There exist ‘Christians’ who attend church services, organize church events, provide financial aid to struggling families, mentor youth, host devotionals in their homes, and teach the plan of salvation to all who listen. However, these same Christians lash out in fits of anger when an elder, preacher, or young Christian steps out of line by mismanaging a church event, misprinting something in the bulletin, doesn’t speak to one of their guests in a crowded worship assembly, wears the wrong outfit for an occasion, or mispronounces someone’s name in a prayer. They sew discord behind the backs of the leadership or the babes in Christ because they heard a rumor about them using a curse word, being immodest, attending a drinking party, or offending a visitor. Essentially, they jump down their brethren’s throats at the first shortcoming they observe. These devoted Christians lack something in their faith, something very important! They lack PATIENCE!
James describes the behavior of a godly faith in writing, “My brethren, count it all joy when ye fall into divers temptations; Knowing this, that the trying of your faith worketh patience. But let patience have her perfect work, that ye may be perfect and entire, wanting nothing” (James 1:2-4). James notes that Christians receive patience when they maintain a godly faith in the face of temptation. Sometimes these temptations can be something as simple as being quick to anger or being prideful. James wishes for his brethren to have joy as Christians, and he proceeds to explain how such joy may be experienced if they simply learn patience! Without patience, a Christian can quickly become miserable in their personal work.

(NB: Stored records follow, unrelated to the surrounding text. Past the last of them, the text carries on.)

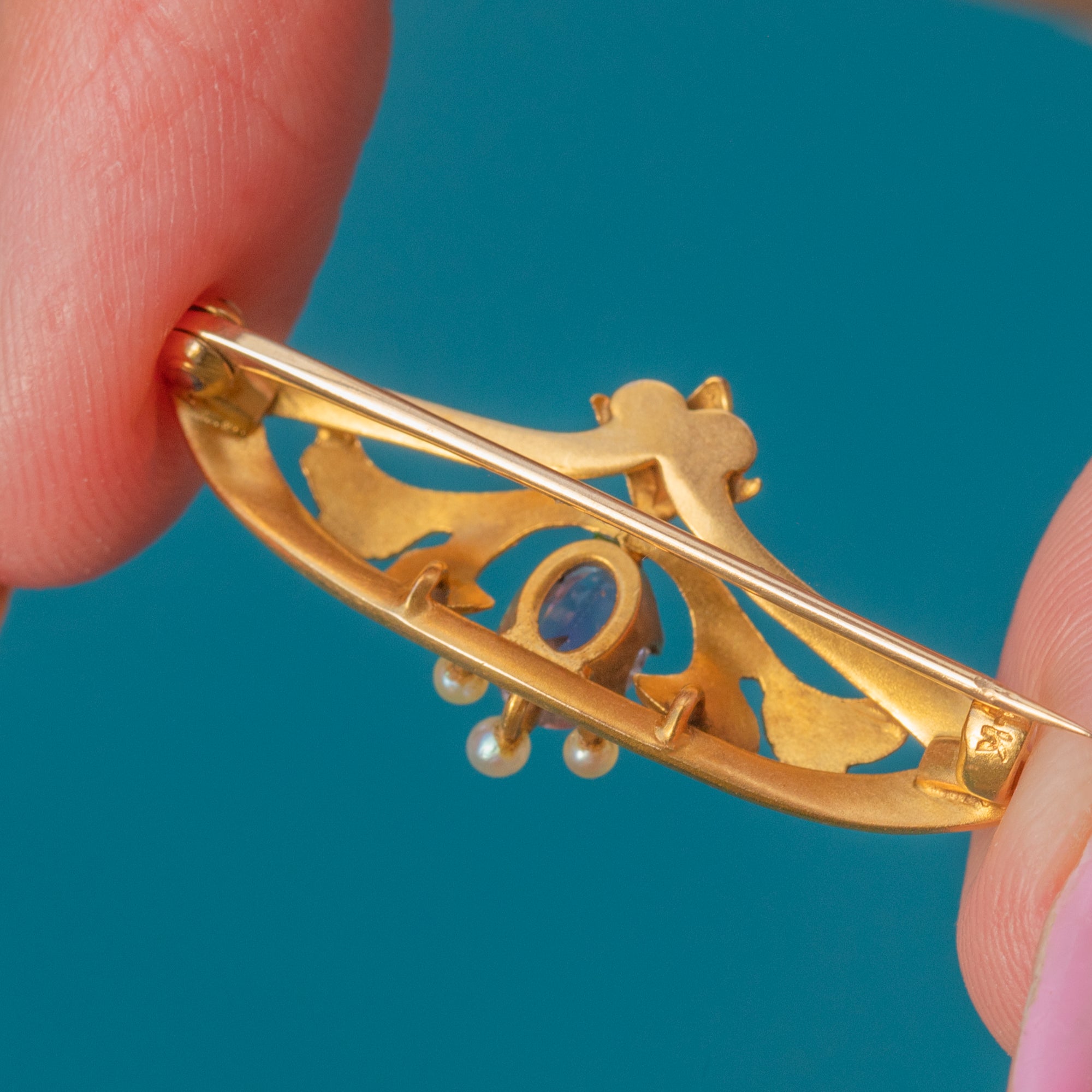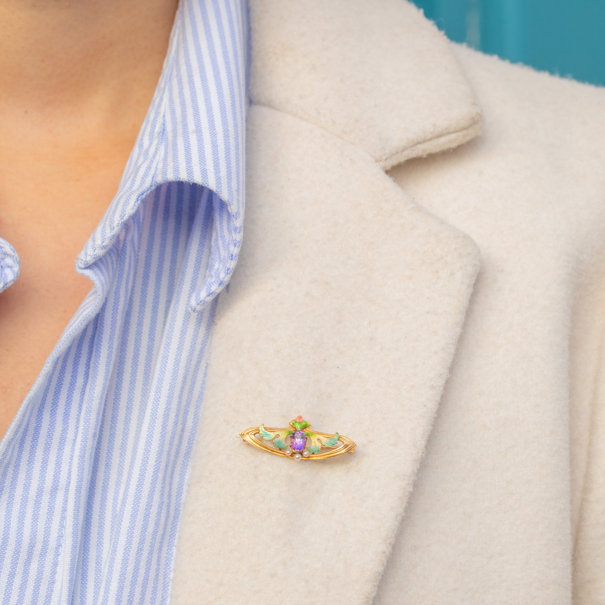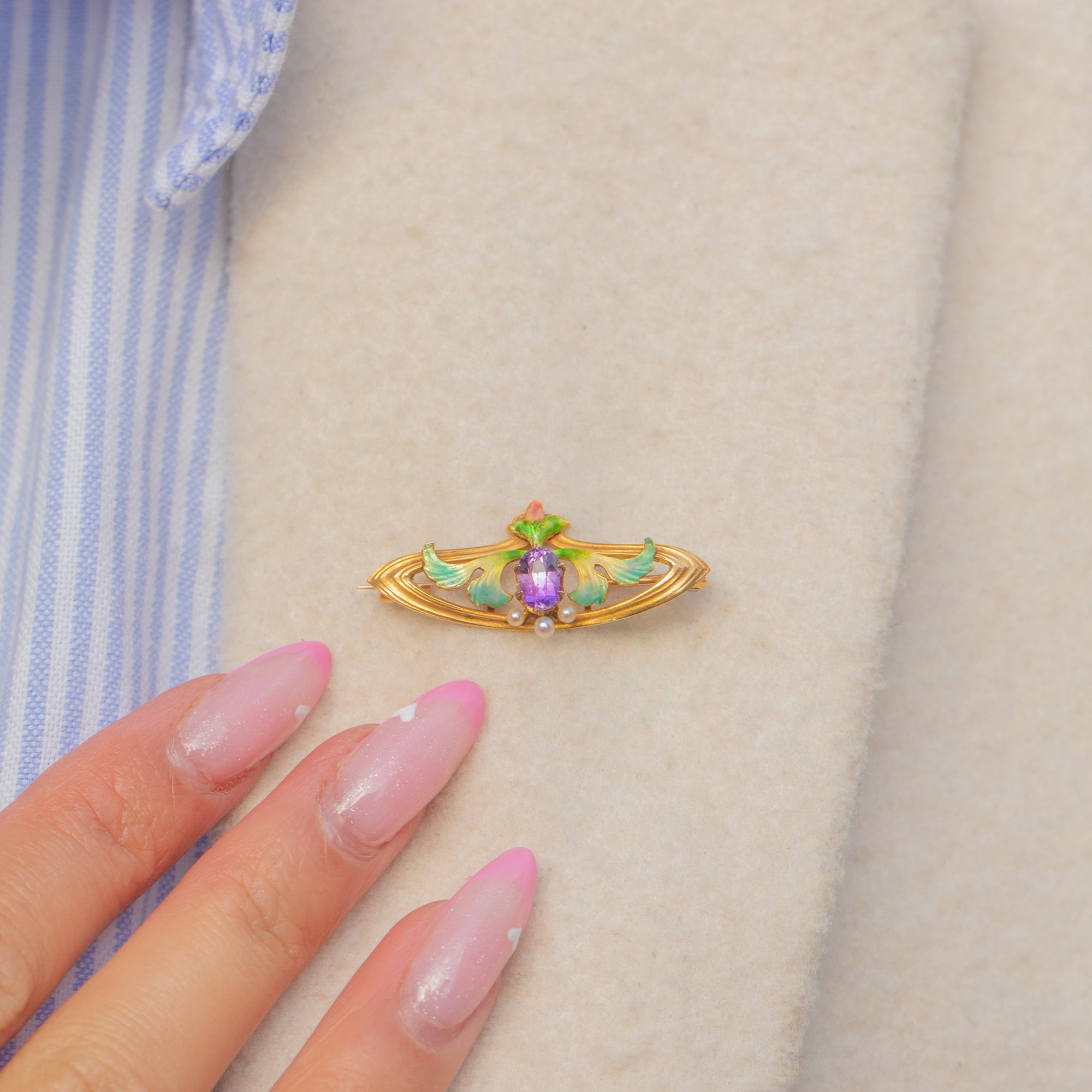 Art Nouveau 18ct Gold Amethyst Pearl Enamel Brooch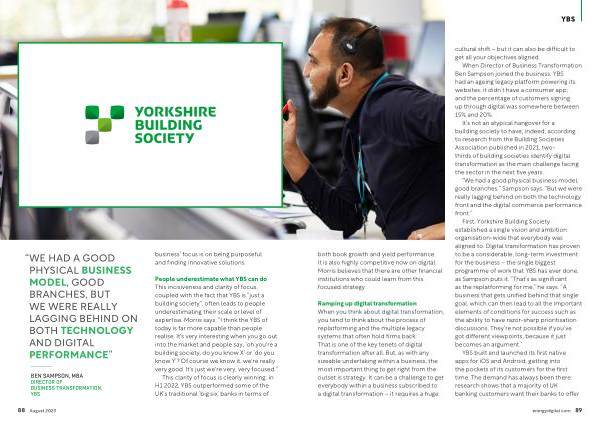 When Director of Business Transformation Ben Sampson joined the business , YBS had an ageing legacy platform powering its websites ; it didn ’ t have a consumer app ; and the percentage of customers signing up through digital was somewhere between 15 % and 20 %.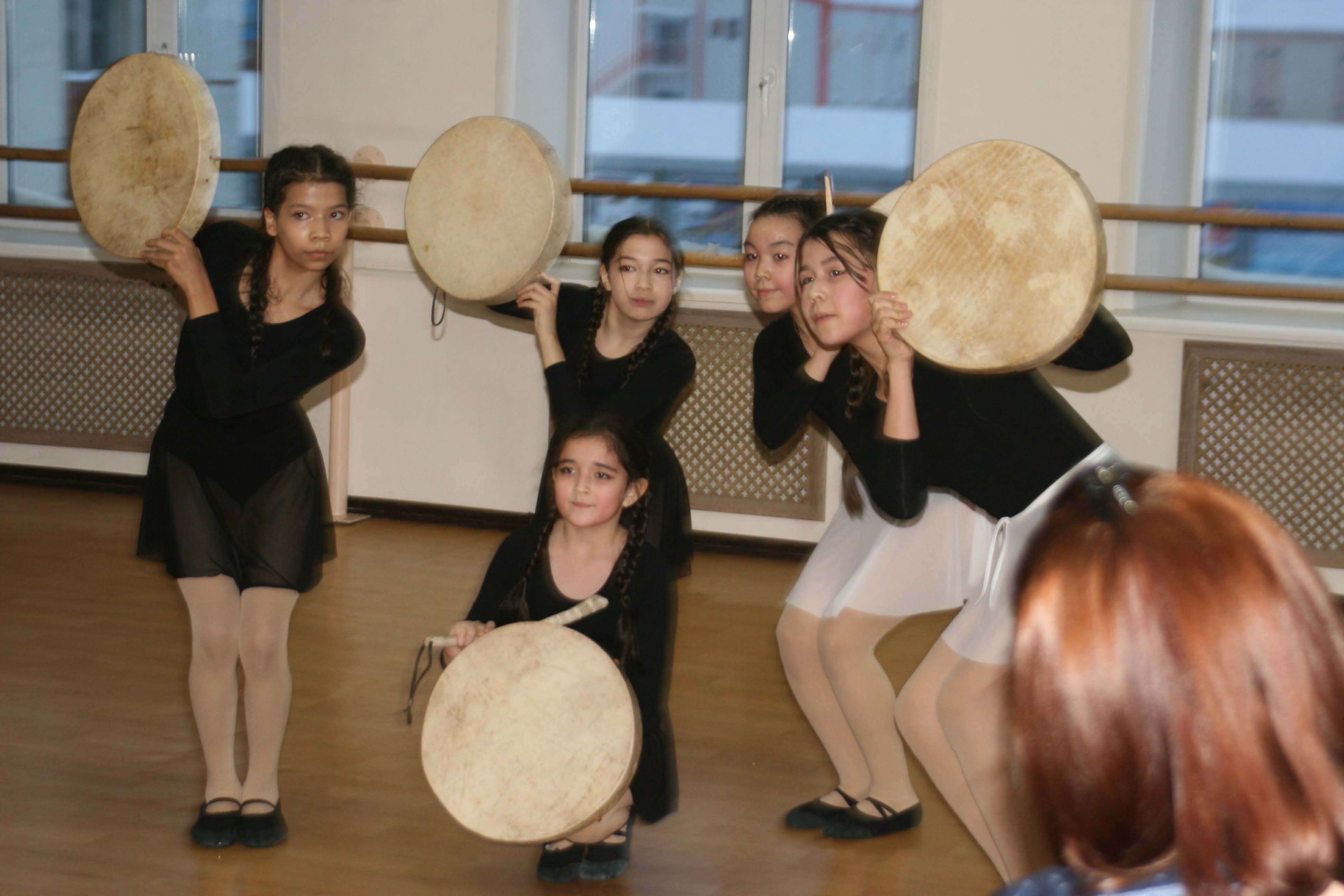 После обеденного перерыва в малом зале начался первый тур в номинации «Юный исполнитель фольклора народов Чукотки» - хореография (ансамблевое исполнение) и в номинации «Юный танцовщик»: академическая хореография (ансамблевое исполнение). Здесь своё мастерство продемонстрировали дети из фольклорного ансамбля «Эйнэткун» и средней группы образцового художественного коллектива «Лукоморья». И тем, и другим участникам нужно было подготовить и показать экзерсис (упражнения, направленные на совершенствование техники в балете или другом танце). Девочки из «Эйнэткун» представили фольклорный экзерсис, показав основные танцевальные движения рук, ног, головы в танцах Чукотки, движения шеи, прыжкового танца, образы животных и птиц, а также традиционный танец народов Чукотки.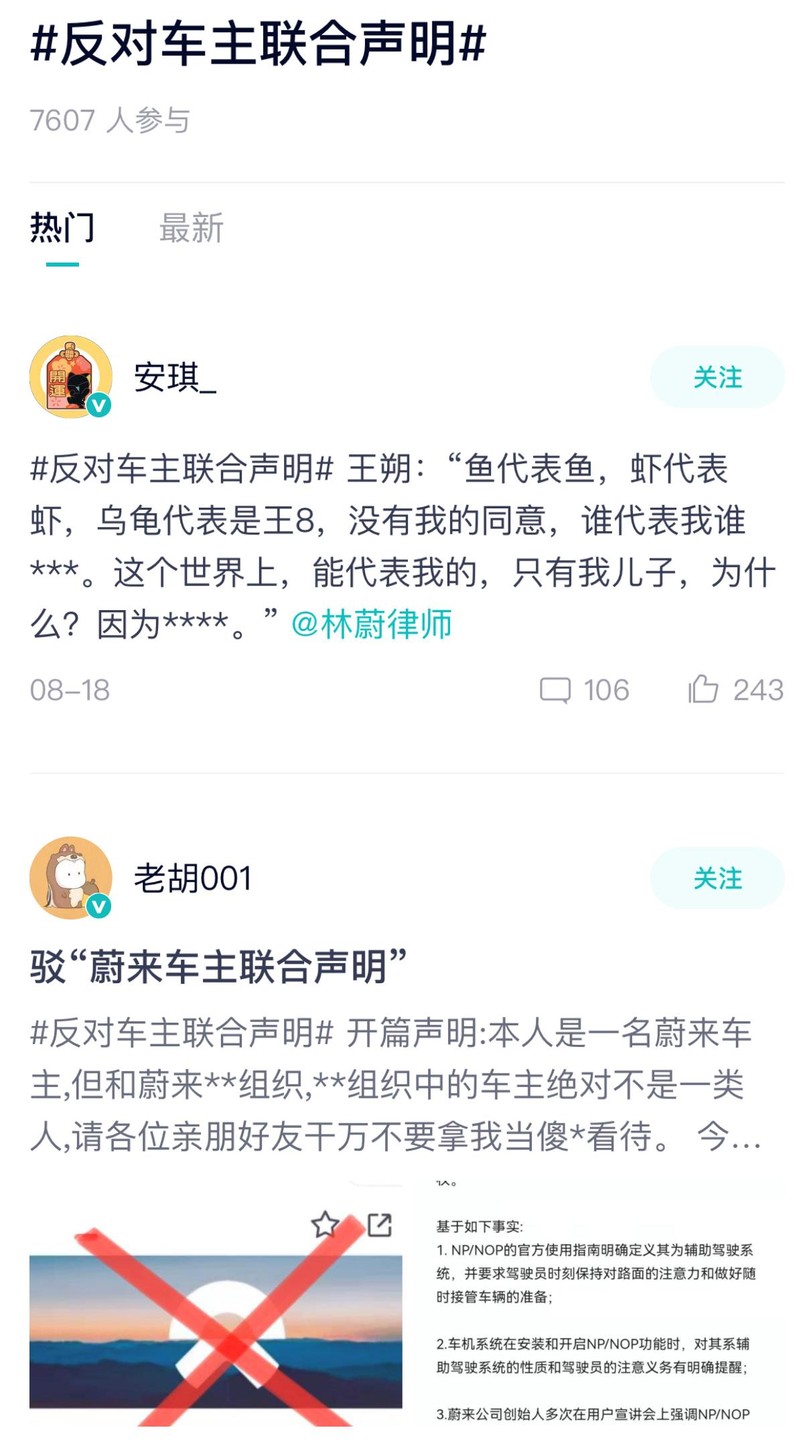 當#反對車主聯合聲明#的標籤不斷在蔚來 APP 中被提及,而蔚來車主也開始分化。那些死忠維護蔚來的車主,那些只是單純希望蔚來好的車主以及那些只是買車喜歡產品的車主。
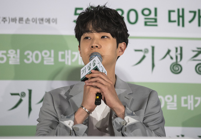 칸 국제영화제에서 황금종려상을 수상한 영화 '기생충'의 배우 최우식이 28일 오후 서울 용산구 용산CGV에서 열린 언론배급시사회에서 질문에 답하고 있다.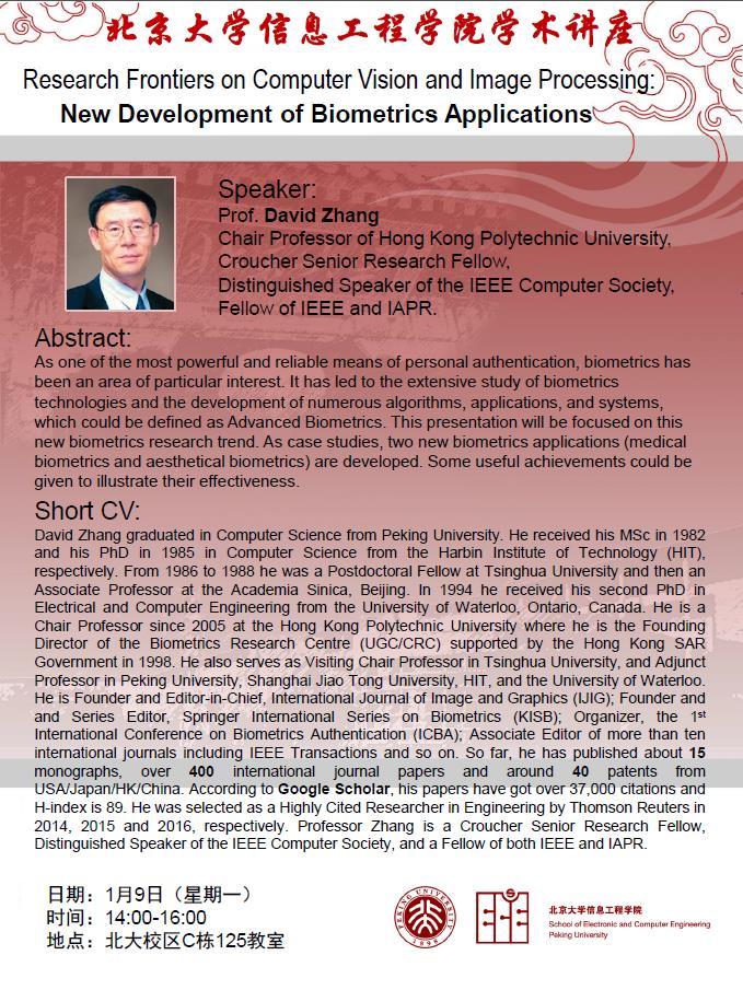 【学术讲座】Prof. David Zhang( Chair Professor of Hong Kong Polytechnic University):Research Frontiers on Computer Vision and Image Proce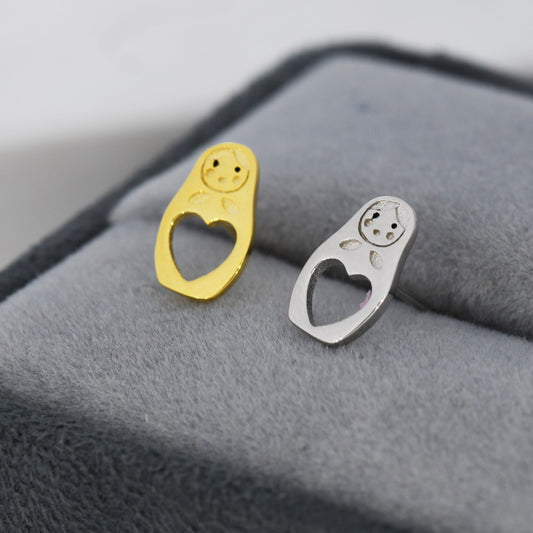 Sterling Silver Nesting Doll Stud Earrings, Silver Finish or Gold Finish, Nesting Doll Earrings
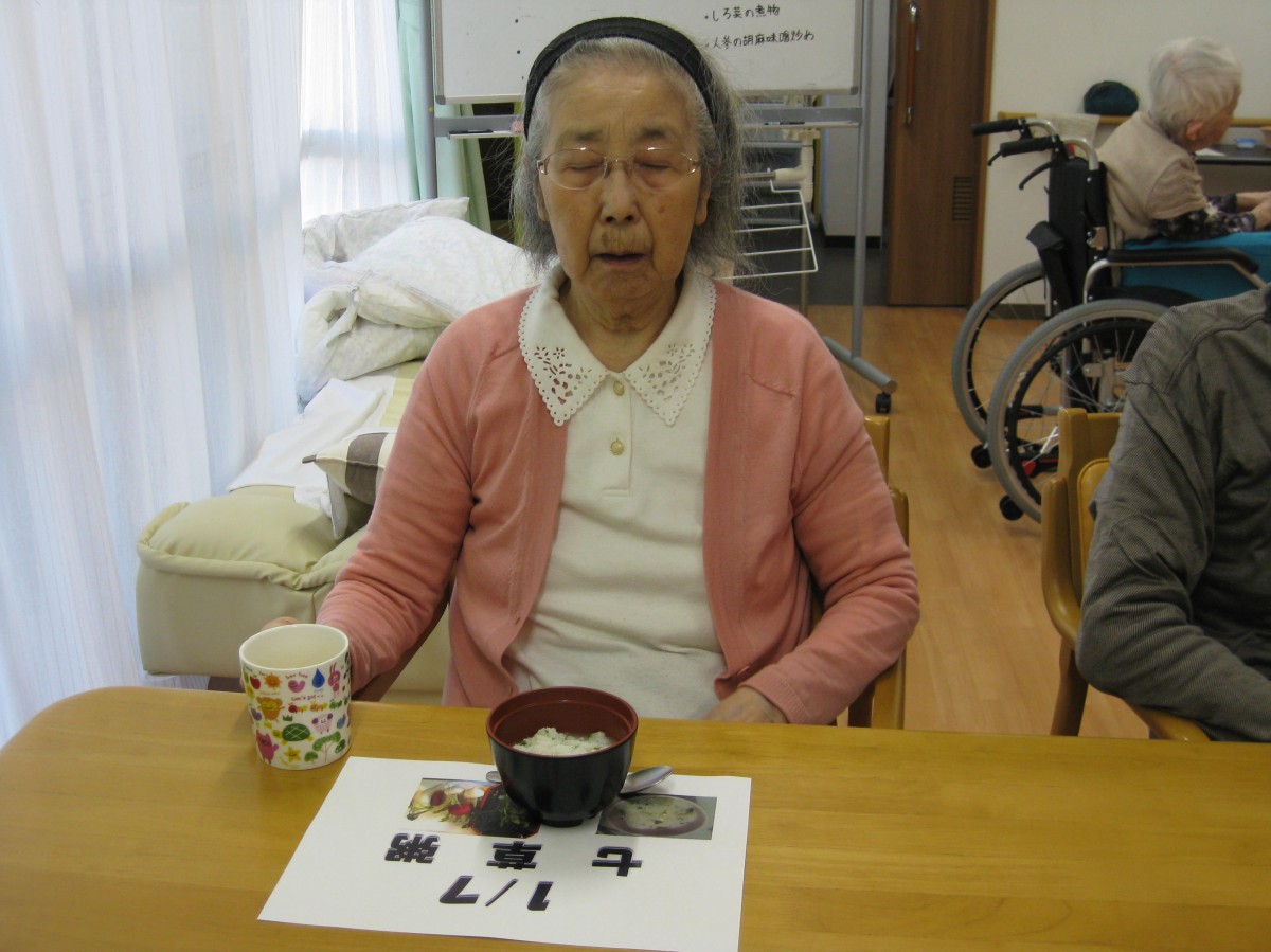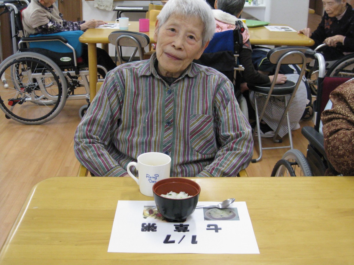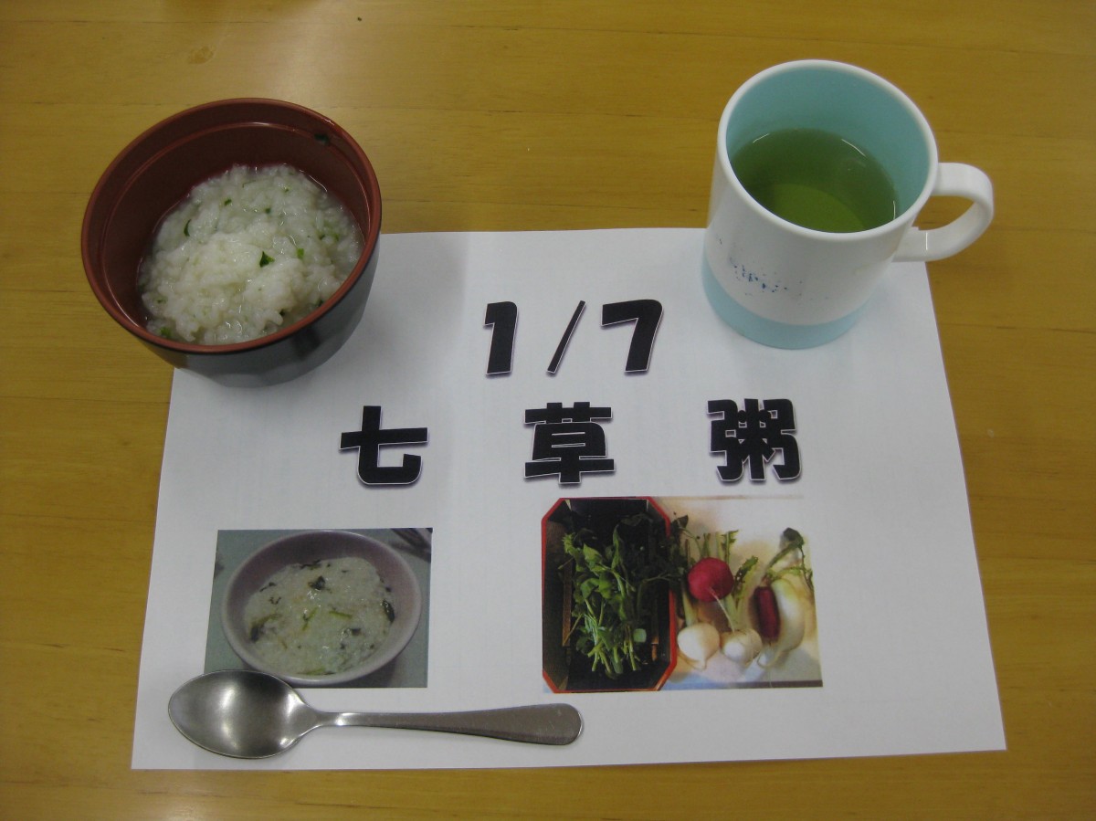 こんにちは!グループホームみんなの家・あきがせです。よろしくお願いいたします。春の七草。せり・なずな・ごぎょう・はこべら・ほとけのざ・すずな・すずしろの7種類です。7種類の野菜を入れてお粥のして提供しました。好評でもっと食べた~い!! 作り甲斐があります(笑) 七草粥を食べて今年も健康で過ごしたいと思います。みんな黙々と召し上がられていました。

Patience must be added to a godly faith, and one must work to have patience. Patience doesn’t magically come to those who are saved. Peter writes that Christians must add to their faith patience if they are to never fall and be fruitful in the work of the Lord (2 Peter 1:5-10). Let us consider these two texts for the study of how patience becomes essential to faith.
James wrote of those occasions when a Christian would fall into “divers temptations” (1:2). A careful study of the context will lead to the conclusion that James referred to those trials that are external to the Christian life. Opportunities for growth and the proving of one’s faith can be chances for a Christian to learn about himself/herself and either find joy in the endurance of faithfulness or learn of their weaknesses and make changes. The Christian comes to understand that the way he/she views and handles the experience can produce something that is good. The words, “trying of your faith,” indicates a testing of one’s faith (1:3). Faith that is genuine will be demonstrated by how one handles the struggles of life.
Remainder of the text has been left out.